An accurate identification of the aerodynamic characteristics of vehicles and the bridge is the premise for the coupled vibration analysis of a wind-vehicle-bridge system. At present, the interaction of aerodynamic forces between the road vehicles and bridge is ignored in most previous studies. In the present study, an experimental setup was developed to measure the aerodynamic characteristics of vehicles and the bridge for different cases in a wind tunnel considering the aerodynamic interference. The influence of the wind turbulence, the wind speed, the vehicle interference, and the vehicle position on the aerodynamic coefficients of vehicles, and the influence of vehicles on the static coefficients of the bridge were investigated, based on the experimental results.
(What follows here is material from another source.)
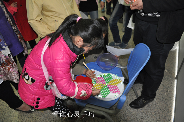本次活动为同学们推出了“一气呵成”、“爱不释手”、“画龙点鼻”、“火眼金睛”、“心灵手巧”、“我猜我猜我猜猜猜”等形式多样、内容丰富的节目。只见参加“一气呵成”的同学们个个憋足了气、鼓足了腮帮子努力吹灭蜡烛盘;“画龙点鼻”的同学们自己用纸片遮住眼睛去指小丑人儿画像的大红鼻子;“爱不释手”的孩子们挽起了袖子努力捉住盆子里的小泥鳅……孩子们你追我赶,兴致昂扬地穿梭在各组项目队伍中,笑声溢满整个大厅。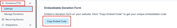 In your ClickBid admin, navigate to Donations/Text-to-Give > Settings.

The variations in the aerodynamic characteristics of vehicles and the bridge were studied and the measured results were validated according to the results of surface pressure measurements on the vehicle and the bridge. The measured results were further validated by comparing the measured results with values derived numerically. The measured results showed that the wind turbulence, the vehicle interference, and the vehicle position significantly affected the aerodynamic coefficients of vehicles. However, the influence of the wind speed on the aerodynamic coefficients of the studied vehicle is small. The static coefficients of the bridge were also significantly influenced by the presence of vehicles.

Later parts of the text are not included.